The algorithm is composed of a hierarchical layer fusion network DLA-34 [28] as the backbone to extract features from the image. From the feature map generated by the backbone, the Keypoint Branch extracts the projected 3D center of the object, allowing the algorithm to recover the 3D location with camera parameters, as illustrated in Equation (1). Let

{[x, y, z]}^{T}

be the 3D center of each object in camera frame coordinates and obtaining the projected 3D points

{[x_{c}, y_{c}]}^{T}

on the image with the intrinsic matrix K, as follows:

[\begin{matrix} z \cdot x_{c} \\ z \cdot y_{c} \\ z \end{matrix}] = K_{3 \times 3} [\begin{matrix} x \\ y \\ z \end{matrix}] .

(1)

In parallel, the regression branch predicts the essential variables to create the 3D bounding box. All of them are encoded to be learned in residual representation, easing the training task. These variables are represented as an 8-tuple, consisting of depth offset (

δ_{z}

), discretization offset (

δ_{x_{c}}

,

δ_{y_{c}}

), residual dimensions (

δ_{h}

,

δ_{w}

,

δ_{l}

), and the observation angle,

α

, represented by (

sin α, cos α

).

The procedure of recovering the final 3D parameters is distinct between each variable. Firstly, the depth z is recovered using the pre-defined scale and shift parameters

σ_{z}

and

μ_{z}

, as follows:

z = μ_{z} + δ_{z} σ_{z} .

(2)

Secondly, by inverting Equation (1) and using the recovered depth z along with the 2D image projections, the algorithm estimates the 3D location as follows:

[\begin{matrix} x \\ y \\ z \end{matrix}] = K_{3 \times 3}^{- 1} [\begin{matrix} z \cdot (x_{c} + δ_{x_{c}}) \\ z \cdot (y_{c} + δ_{y_{c}}) \\ z \end{matrix}] .

(3)

Thirdly, the model uses the pre-calculated average dimension array

{(\bar{h}, \bar{w}, \bar{l})}^{T}

of each class from the dataset and calculates the object dimensions

{(h, w, l)}^{T}

by applying the equation

[\begin{matrix} h \\ w \\ l \end{matrix}] = [\begin{matrix} \bar{h} \cdot e^{δ_{h}} \\ \bar{w} \cdot e^{δ_{w}} \\ \bar{l} \cdot e^{δ_{l}} \end{matrix}] .

(4)

Finally, the observation angle,

α

, is calculated using the

sin (α)

and

cos (α)

obtained by the regression branch, which represents the object’s orientation. However, it is necessary to transform this angle to the yaw angle,

θ

, to satisfy the coordinates system selected, and is obtained using the following equation:

θ = α_{z} + arctan (\frac{x}{z}) .

(5)

Nevertheless, when applying deep learning to computer vision, it is also necessary to define the loss functions that use the algorithm during training. The SMOKE model uses different functions in each branch of the model, Equation (6) being applied to the keypoint classification head and Equation (7) to the 3D regression branch, the total being a loss sum of both expressed in Equation (8).
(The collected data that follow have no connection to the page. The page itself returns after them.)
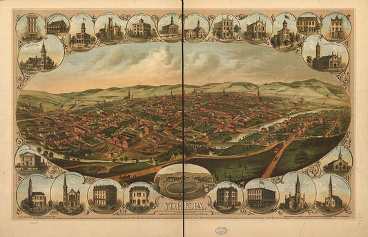 View of York Pennsylvania White Modern Wood Framed Art Print with Double Matting by Vintage Places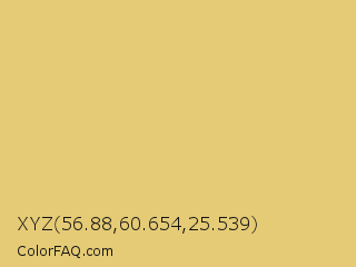 XYZ 56.88,60.654,25.539 Color is a light yellow color and the nearest color is Rob Roy #eac674. Hex code #e5cb75 and RGB value is rgb(229,203,117). In RGB color space, this color is composed of 90% red, 80% green, 46% blue, In CMYK color space, this color is composed of 0% cyan, 11% magenta, 49% yellow , 10% black , In HSL color space, this color has a hue angle of 46° , 68% saturation and 68% lightness.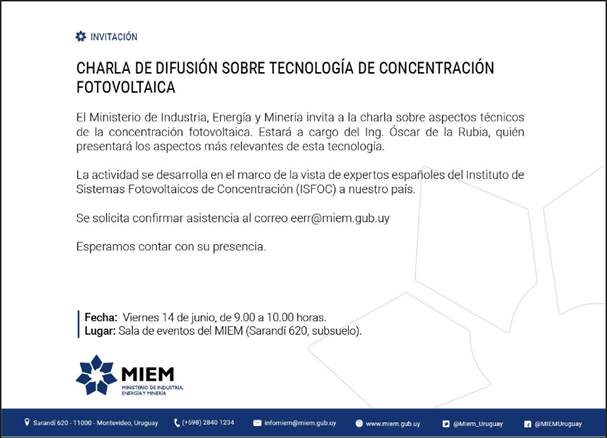 Se invita a la charla sobre aspectos técnicos de la concentración fotovoltaica. La actividad estará a cargo del Ing. Óscar de la Rubia.

L_{c l s} = - \frac{1}{N} {(1 - y_{i, j})}^{β} {(1 - s_{i, j})}^{α} l o g (s_{i, j}),

(6)

s being the prediction of the model, y gound-truth values,

α

and

β

adjustable hyper-parameters, and N the number of keypoints in the image.

L_{r e g} = \frac{λ}{N} | B^{*} - B |,

(7)

where

B^{*}

denotes the predicted values, B the ground-truth, and

λ

a scaling factor to balance the classification and regression tasks.

L = L_{c l s} + \sum_{i = 1}^{3} L_{r e g} (B_{i}) .

(8)

This multi-loss approach of the SMOKE algorithm ensures that it not only performs effectively in object detection but also accurately estimates the 3D pose of vehicles, which is crucial for applications within the Intelligent Transportation Systems field.

3.2.2. MONOCON: Monocular Context

The MONOCON algorithm [25] distinguishes itself from other 3D object detection models by its focus on providing additional contextual information during training. This extra context, such as the corners of the bounding box and the 2D dimensions of the object, allows for better generalization. MONOCON have been chosen to evaluate the performance of this more complex algorithm with the DAIR-V2I dataset in pursuit of superior results, inspired by its demonstrated success on the KITTI dataset.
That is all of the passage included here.